That’s how I want to feel. That’s how I should feel, because I felt like that as a kid. Before I knew I was Native, I just was. And now that I’m remembering that I’m also queer, I’m something beyond that. Now that I’m remembering that queerness is being Native — it’s being alive, being who I am — I bring it to everything that I do. It’s a part of every part of who I am.
You have experienced issues with censorship when it comes to marketing INDIGEQUEER events and speaking out against genocide. What is it like using INDIGEQUEER as a platform to unsettle an ongoing structural process?
The genocide has not ended; we are still in it. And it is important to know that we are linked in struggle, but we are separated by distance, time, money and resources.
INDIGEQUEER is a statement of solidarity with everybody who is struggling underneath capitalism and colonialism. It is always in our capacity to do what we can do. I made a song that we chant sometimes at INDIGEQUEER called “Fuck Them Colonizers.” It’s just a beat where I get everybody to repeat after me, “Fuck them colonizers; Land Back and Free Palestine,” because I do believe our words have power.
I think a lot of people struggle with [the] despair of not knowing what to do, and I think that’s good. You should explore despair because it’s a part of who you are. It’s probably telling you there are things that need to change, but currently no avenues to do so. So maybe you have to start making your own.
Is there anything else that you want to mention to our readers regarding the tour or anything else you want to have said?
I really believe that INDIGEQUEER is not my event — it is our event; it is our movement. I believe in creating spaces for Native people to be alive, to be together, to dance and remember.
I want people to support by sharing the events, donating to the GoFundMe, sharing the GoFundMe and joining my Patreon. I need people to invest in it with me because I’ve literally uprooted my whole life in Seattle just for the fact that I believe in this. Stream my music, share it with your friends and let it live in your heart.

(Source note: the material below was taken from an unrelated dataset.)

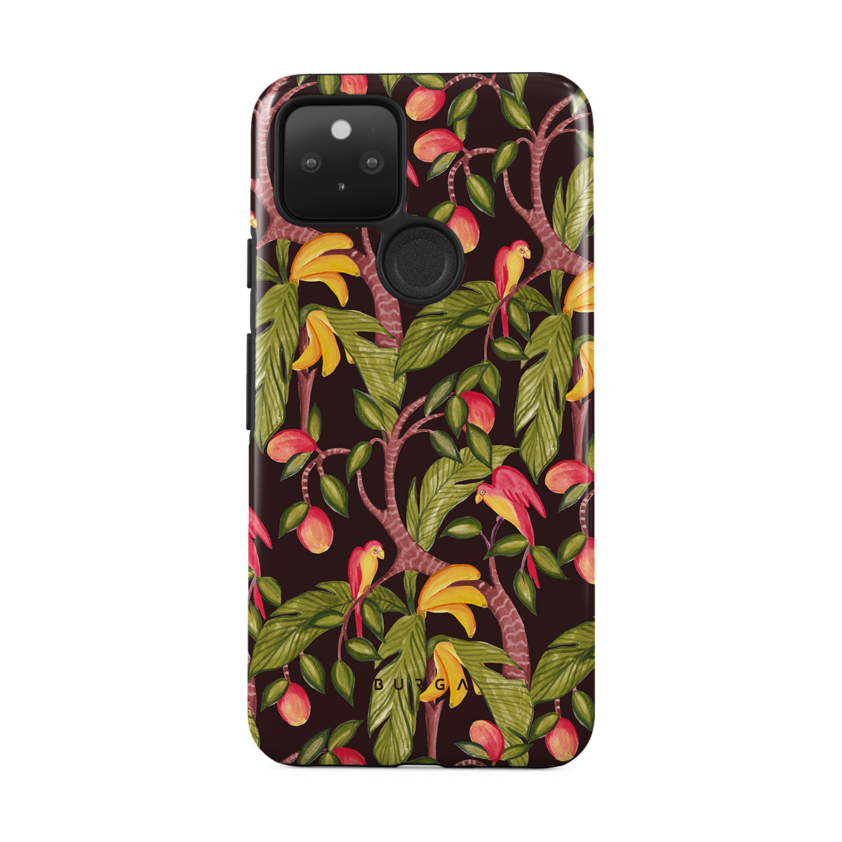 Den här stilen har: mango, mörkgröna blad, mönster inspirerat av djungeln
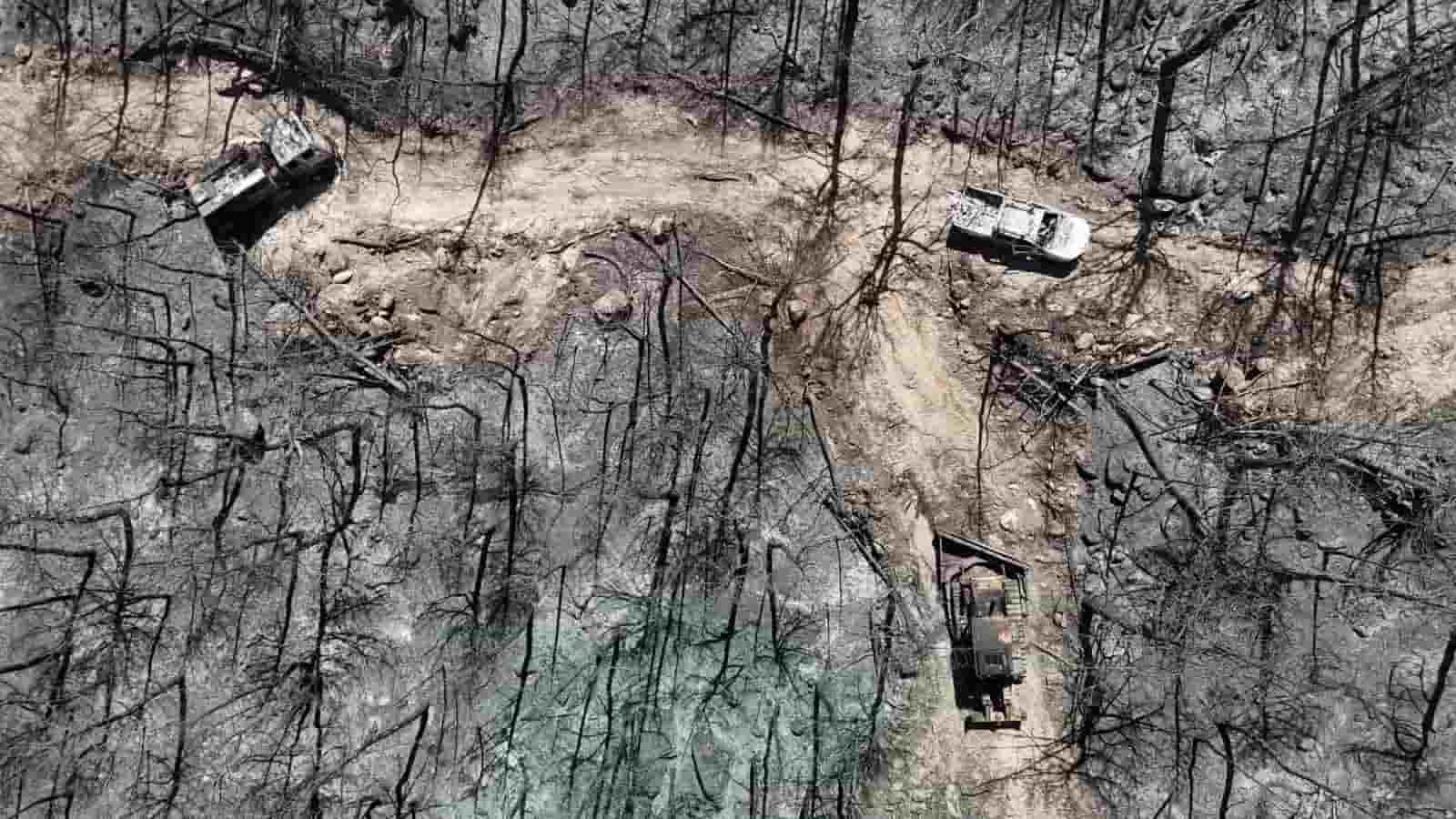 Erzurumbulten-Eskişehir’de çıkan orman yangınında 10 kişinin şehit olduğu alana yakın bir noktada yanan araçlar görüntülendi. Bazı parçaları eriyen araçlardan su tankerinin olay yerinden çekildiği ve yerde sürükleme izleri olduğu görülürken, arazöz, pikap ve dozerin ise yakın zamanda olay yerinden çekileceği öğrenildi.

I’m going to be on tour, sort of, indefinitely. I really want to take INDIGEQUEER wherever I can. I have dates all the way through the end of June, but because INDIGEQUEER is a different kind of tour, I want to invest in places and be around.
I think I might make Albuquerque a temporary hub for a while before I continue on toward the East Coast and eventually I want to end the year in Puerto Rico.
I really want to bring it there and hope to bring as many Indigequeers as I can and expel the spirit of straight Columbus back into the sea where he belongs.
Sarah Gould (they/he/she) is a Two-Spirit multidisciplinary artist and writer based in Washington. They have a B.A. from the University of Washington. They also enjoy drawing and painting in their free time. Find them on Instagram @native.poet.
Read more of the May 29–June 4, 2024 issue.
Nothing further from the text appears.